Sources from Relief Web, insinuate that more than 2.5 million people living in remote eastern regions of the Democratic Republic of the Congo will benefit from transformed digital connectivity under new fiber-optic network investment being rolled out by Bandwidth and Cloud Services (BCS) Group and backed by the European Investment Bank (EIB).

The $ 10 million European Investment Bank support, EIB Global first quasi-equity investment, and second cooperation with BCS were formally announced earlier this month at AfricaCom 2022 in Cape Town, South Africa.

“Africa is at a crucial point in the digitization age. The rapid growth of her Telecommunication infrastructure is one of the key factors that will allow the realization of her true potential,” said Yonas Maru, Managing Director, BCS Group.

He added that BCS is excited to be part of Africa’s journey to achieving regional connectivity.

“Our mission is to enable internet access to more than 300 million people in Africa through our infrastructure. Our continued partnership with the EIB will see our company continue to deploy its fiber optic expansion plans to build over 20,000 kilometers across Eastern, Central, and Southern Africa providing regional and rural connectivity by serving underserved areas”, he added.

Thomas Östros, Vice-President of the European Investment Bank said:

“The European Investment Bank is committed to accelerating digitalization across Africa and is pleased to strengthen our partnership with BCS to transform high-speed fiber optic networks in the DRC. Expansion of the fiber optic backbone will enable local communities to benefit from mobile broadband and hospitals and schools to be connected to the rest of the world.”

BCS Group has entered into a long-term funding partnership with the EIB for a further US$10 million. This is part of the EIB’s continued partnership with BCS following a USD18 million funding in late 2018.
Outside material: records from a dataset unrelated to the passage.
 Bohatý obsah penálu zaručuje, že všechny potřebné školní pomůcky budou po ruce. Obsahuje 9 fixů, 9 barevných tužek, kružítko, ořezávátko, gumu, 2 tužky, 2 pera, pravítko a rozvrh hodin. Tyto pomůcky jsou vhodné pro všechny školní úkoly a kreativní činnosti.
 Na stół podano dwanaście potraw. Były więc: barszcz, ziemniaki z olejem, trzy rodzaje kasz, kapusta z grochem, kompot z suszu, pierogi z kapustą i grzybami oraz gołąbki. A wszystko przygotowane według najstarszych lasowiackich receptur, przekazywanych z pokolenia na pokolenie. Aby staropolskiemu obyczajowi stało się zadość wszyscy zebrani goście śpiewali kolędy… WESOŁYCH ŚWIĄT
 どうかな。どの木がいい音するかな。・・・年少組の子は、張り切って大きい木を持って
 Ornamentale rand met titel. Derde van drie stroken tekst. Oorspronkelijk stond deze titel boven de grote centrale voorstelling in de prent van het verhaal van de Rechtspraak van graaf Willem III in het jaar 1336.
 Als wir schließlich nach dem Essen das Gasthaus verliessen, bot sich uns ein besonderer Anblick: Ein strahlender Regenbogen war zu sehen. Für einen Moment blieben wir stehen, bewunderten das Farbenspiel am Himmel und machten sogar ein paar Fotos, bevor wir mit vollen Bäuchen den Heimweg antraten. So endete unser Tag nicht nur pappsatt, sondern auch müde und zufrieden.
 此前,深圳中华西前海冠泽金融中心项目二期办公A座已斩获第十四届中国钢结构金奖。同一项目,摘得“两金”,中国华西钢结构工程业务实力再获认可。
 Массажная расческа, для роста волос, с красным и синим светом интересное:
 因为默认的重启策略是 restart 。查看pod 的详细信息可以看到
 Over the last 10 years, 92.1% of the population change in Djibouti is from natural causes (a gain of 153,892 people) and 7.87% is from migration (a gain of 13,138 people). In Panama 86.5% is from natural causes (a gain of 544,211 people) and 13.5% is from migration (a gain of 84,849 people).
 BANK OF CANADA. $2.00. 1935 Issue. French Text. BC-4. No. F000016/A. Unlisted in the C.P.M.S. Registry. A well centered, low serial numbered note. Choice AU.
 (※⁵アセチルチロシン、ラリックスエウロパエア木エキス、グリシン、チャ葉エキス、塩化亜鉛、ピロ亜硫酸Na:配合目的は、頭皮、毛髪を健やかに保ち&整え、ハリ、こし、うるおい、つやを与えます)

According to a World Bank report, Guinea-Bissau’s digital economy is nascent, with low international bandwidth, few public services available online, and limited digital skills among the population, in comparison to many of its neighbors in Western Africa.

The Digital Economy Country Assessment for Guinea-Bissau, developed by the World Bank Group and the Government of Guinea-Bissau, notes that, while many Sub-Saharan African countries are undertaking digital transformations, Guinea-Bissau must step up its efforts to capture a larger share of the dividends of the digital economy.

“Digital transformation is driving increased employment, productivity, and inclusion across the continent. To achieve its ambitious developmental goals, Guinea-Bissau must continue its efforts on reforms and investments to accelerate digital transformation,” said Anne-Lucie Lefebvre, World Bank Resident Representative in Guinea-Bissau.